• Problem to solve: Within the records that follow, restate exactly the lines from the line with "El vestido Andres" down to the line with "根据2025基金半年报公募基", including both. Omit the pictures.

• Data listing:

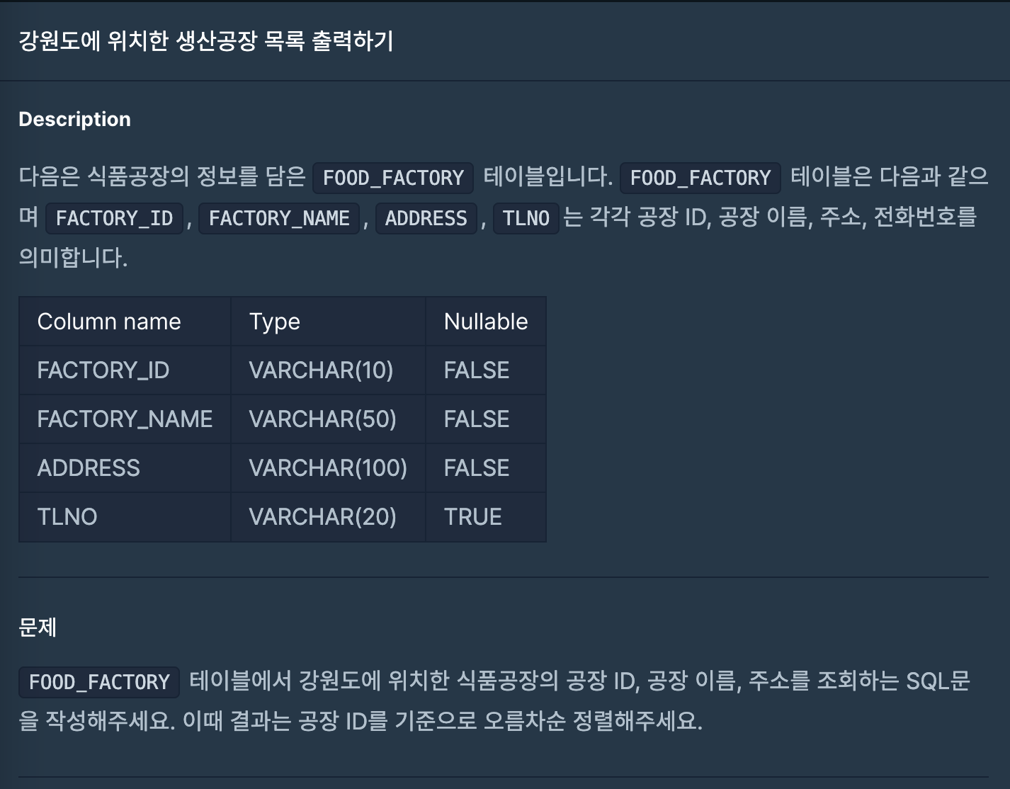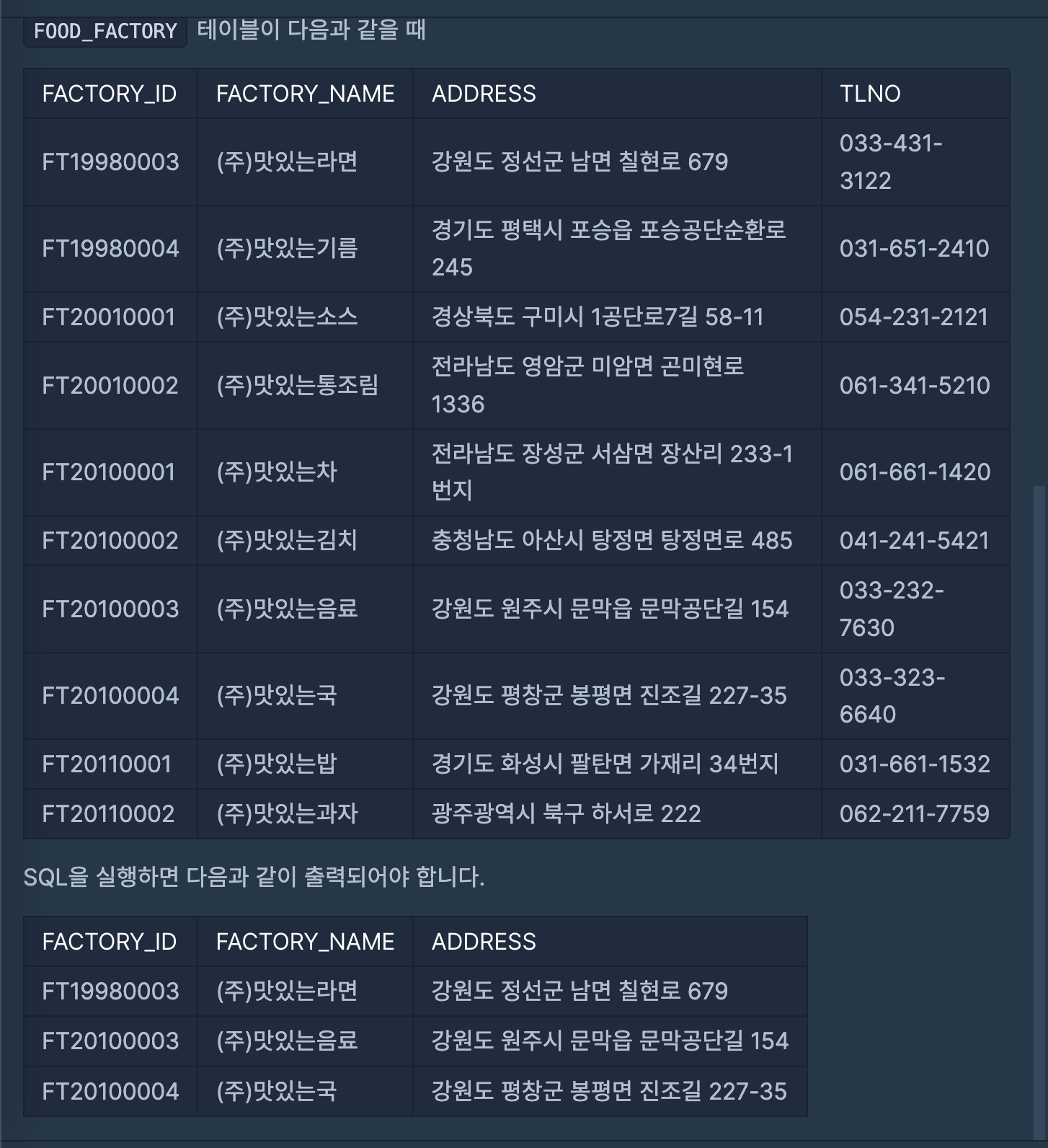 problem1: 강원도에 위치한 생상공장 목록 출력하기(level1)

--

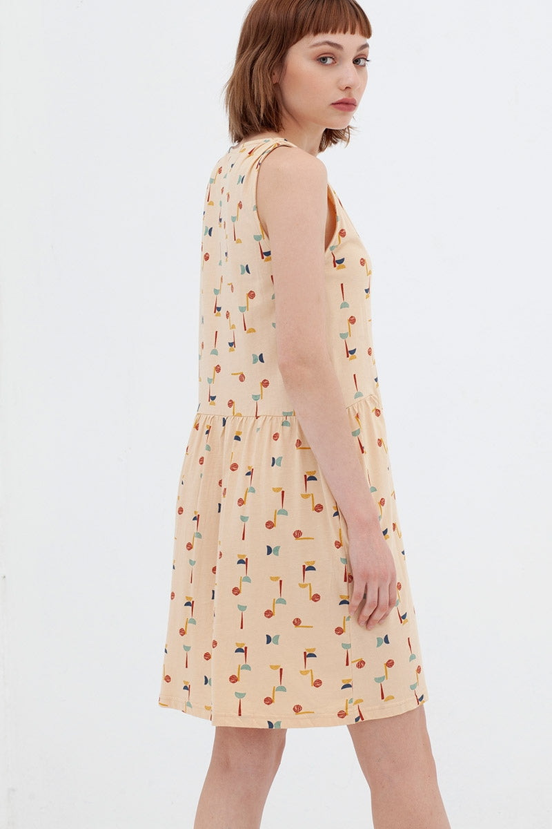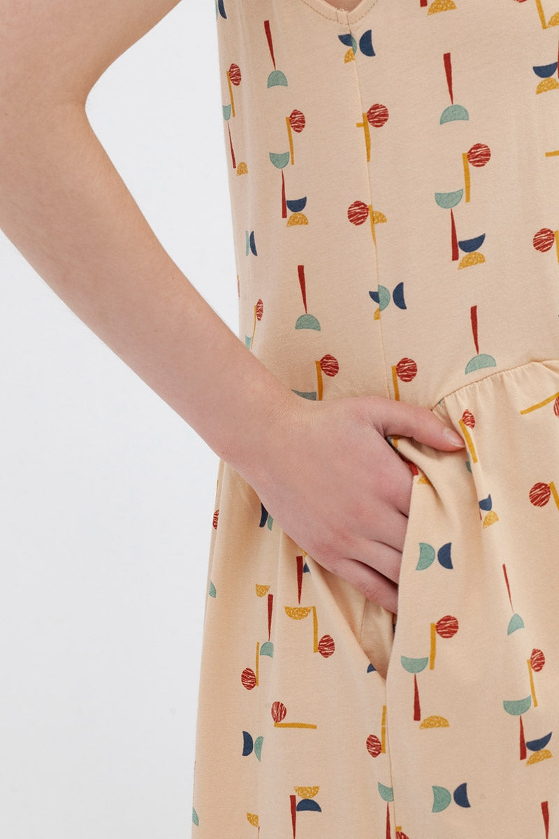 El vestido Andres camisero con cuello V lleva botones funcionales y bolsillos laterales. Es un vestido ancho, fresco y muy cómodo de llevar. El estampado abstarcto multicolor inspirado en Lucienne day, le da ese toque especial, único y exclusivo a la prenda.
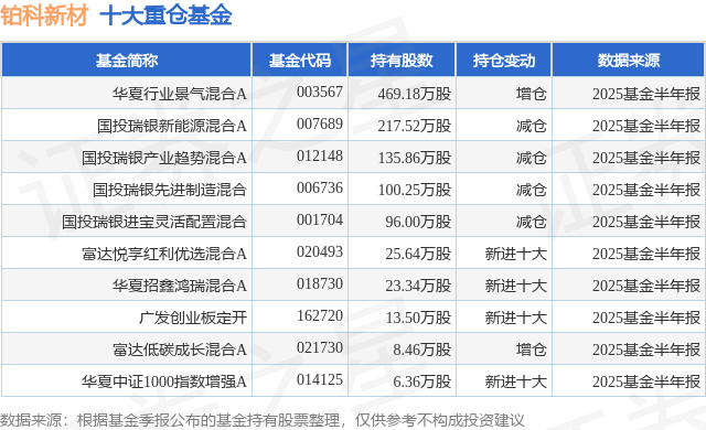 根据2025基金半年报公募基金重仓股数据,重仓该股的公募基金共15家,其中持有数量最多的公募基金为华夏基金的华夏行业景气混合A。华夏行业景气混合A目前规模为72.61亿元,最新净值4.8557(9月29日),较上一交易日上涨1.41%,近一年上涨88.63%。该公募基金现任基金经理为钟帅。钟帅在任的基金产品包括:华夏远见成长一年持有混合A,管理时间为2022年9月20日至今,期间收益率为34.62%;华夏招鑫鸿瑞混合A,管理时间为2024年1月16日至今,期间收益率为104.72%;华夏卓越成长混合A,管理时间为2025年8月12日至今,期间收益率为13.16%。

• Your response:
 El vestido Andres camisero con cuello V lleva botones funcionales y bolsillos laterales. Es un vestido ancho, fresco y muy cómodo de llevar. El estampado abstarcto multicolor inspirado en Lucienne day, le da ese toque especial, único y exclusivo a la prenda.
 根据2025基金半年报公募基金重仓股数据,重仓该股的公募基金共15家,其中持有数量最多的公募基金为华夏基金的华夏行业景气混合A。华夏行业景气混合A目前规模为72.61亿元,最新净值4.8557(9月29日),较上一交易日上涨1.41%,近一年上涨88.63%。该公募基金现任基金经理为钟帅。钟帅在任的基金产品包括:华夏远见成长一年持有混合A,管理时间为2022年9月20日至今,期间收益率为34.62%;华夏招鑫鸿瑞混合A,管理时间为2024年1月16日至今,期间收益率为104.72%;华夏卓越成长混合A,管理时间为2025年8月12日至今,期间收益率为13.16%。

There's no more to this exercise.